Alzheimer’s Disease is the most common cause of dementia, affecting millions worldwide, with no cure available. Detecting AD earlier in its course could dramatically transform the design of clinical trials to test new treatments. Currently, PET (positron-emission tomography) imaging is done to confirm the presence of amyloid plaques as a condition for inclusion in such clinical studies. However, PET scans are costly, require injections of radioactive materials, and must be conducted in specialized medical centres.
Less invasive and less costly screening approaches will aid in early detection and could vastly impact
clinical trials and decrease costs associated with PET imaging.
The eye offers a natural window to the brain through the retina, the light-sensitive layer lining the interior of the eye, as it is an anatomical and developmental extension of the brain that remains accessible throughout the lifespan. Indeed, researchers have reported the presence of beta-amyloid (AB) plaques, a key biomarker in AD brains, in the retina of AD patients and mouse models of AD.
Dr. Soucy’s research team developed a new version of Optina Diagnostics’ Mydriatic Hyperspectral Retinal Camera (MHRC), part of its Retinal Deep PhenotypingTM platform, that can detect these plaques in the retina of asymptomatic individuals by using a simple, safe, and non-invasive eye test that is exceedingly more accessible than the PET scan technology currently in use. A machine learning algorithm was also developed to analyze the images.
The Brain Canada grant has allowed me and my co-investigators to create an academia-industry partnership bringing together state-of-the-art techniques which complement each other beautifully in the search for new diagnostic approaches to Alzheimer’s Disease. The potential of retinal scanning for amyloid deposition detection to be used earlier in the course of disease, and at a fraction of the cost and of the complexity of currently available approaches, could make it a true screening procedure, and this would have a major impact on the implementation of course-modifying therapies,” said Dr. Soucy.
This eye scan could revolutionize AD research and the development of effective therapeutics. It could aid in identifying who would benefit from treatment and whether a treatment is effective.
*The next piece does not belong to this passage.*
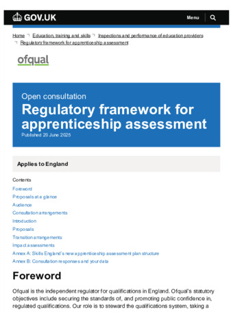 Regulatory framework for apprenticeship assessment - GOV.UK.pdf Volume/Part: Main document - Published Version Available under License Open Government Licence. Download (585kB) | Preview |
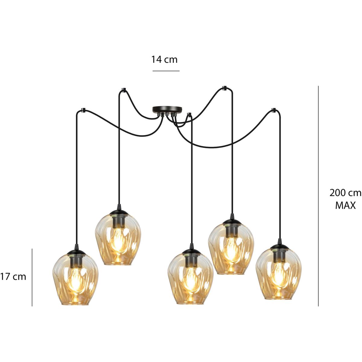 Emibig Level Pendelleuchte 5x15 W schwarz-bernstein 758/5

To date, the development of pharmaceutical therapeutics is entirely derived from research using participants whose symptoms have already significantly progressed. This technology will enable researchers to enlist pre-symptomatic participants who are at risk for developing AD, facilitating the development of drugs targeting AD in its earliest stages, and providing the best hope for developing effective treatment and, ultimately, a cure for this devastating disease.
To date, the team has submitted two patent applications. In April of 2019, the retinal imaging platform received Breakthrough Device Designation from the USA FDA, which will streamline the market clearance and approval process to put the device to use in clinics. Then in April of 2020, it received 510(k) clearance from the FDA. This will allow for partnerships with eye clinics to conduct these eye scans in at risk populations.